The 2005 effective income tax rate of 29.4% differed from the federal statutory rate of 34% due to the amortization of intangible assets, timing differences for other temporary and permanent differences, and state income taxes.
16. RESTATEMENT
The December 31, 2005 financial statements have been restated to recognize an additional $525,000 in amortization expense for a customer list acquired in December 2004. The Company originally assumed an indefinite life on the customer list.
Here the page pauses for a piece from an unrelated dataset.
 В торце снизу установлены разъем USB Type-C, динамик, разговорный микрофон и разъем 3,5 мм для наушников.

Per FASB 142, an estimated useful life for a customer list has to be assigned when the asset is placed into use. As a result, amortization expense should have commenced on January 1, 2005. Pre-tax income decreased by $525,000 from $3,930,000 to $3,405,000 for the year-ended December 31, 2005. Net income for the year ended December 31, 2005 decreased by $324,000 from $2,436,000 to $2,112,000 and retained earnings decreased from $1,149,000 to $825,000.
13
The December 31, 2006 financial statements have been restated to decrease amortization expense on customer lists by $125,000. Pre-tax income increased by $125,000 from $7,338,000 to $7,463,000 for the year-ended December 31, 2006. Net income for the year ended December 31, 2006 increased by $74,000 from $5,082,000 to $5,156,000 and retained earnings increased from $5,907,000 to $5,981,000.
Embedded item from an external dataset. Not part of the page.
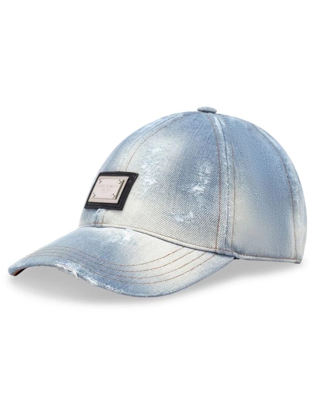 logo-plaque distressed baseball cap Highlights - Light blue/beige - Cotton - Logo plaque - Distressed effect - Washed - Contrast stitching - Six-panel construction - Curved peak - Adjustable strap to the rear Imported Composition Cotton 90%, Lamb Skin 10%

ITEM 7. MANAGEMENT'S DISCUSSION AND ANALYSIS OF FINANCIAL CONDITION AND RESULTS OF OPERATIONS
Aside from the increase in advertising expense, selling, general, and administrative expenses increased by approximately $11.5 million. A few major expense categories attributed to the majority of the increase in expenses and were all directly related to our dramatic sales growth in 2006. Salaries and benefits increased by $3 million to support the 85% increase in sales. In addition, Take Shape for Life sales increased by 46% year-over-year which led to increased commission expense of $3.4 million that is completely variable in relation to sales growth. Another variable expense that rose by $800,000 with our sales growth was credit card processing fees. Currently, over 95% of the Company’s transactions are processed via credit card. Additional increases included an increase in office expense of $800,000, an increase in operating costs of $300,000, and an increase in sales expense of $400,000. Other expenses increased by $1.8 million, which included items such as depreciation, amortization, stock compensation expense, charitable contributions, and property taxes. To handle increased call volume, the Company began using an outsourced call center in April of 2006 which led to $1 million in additional expense as compared to prior year.
Income taxes: In the third quarter of 2006, the Company had a $1 million federal tax refund receivable. A portion of this refund was factored into the Company’s income tax provision, which lowered the estimated tax rate for 2006. In 2006, the Company recorded $2.3 million in income tax expense, which represents an annual effective rate of 31%. In 2005, we recorded income tax expense of $1 million, which reflected an estimated annual effective tax rate of 29.4 %. The Company anticipates a tax rate of approximately 36-39% in 2007. The benefit the Company received in 2006 from a large income tax refund receivable as a result a cost segregation study performed on our fixed assets is not expected to benefit future periods.
14
3. With regard to prior comment 13 in our letter dated June 19, 2007, tell us why you have failed to provide the converted-to-sale percentage for Customer Lists 3, 4 and 5, as we had requested. We note that you write "N/A" for each of these lists for each year in your response but do not explain why these figures are not applicable or not available. Also provide us a schedule showing, for each customer list separately, the cost of the asset, the amortization expense and impairment by year since acquisition, and the related revenues derived from the asset each year.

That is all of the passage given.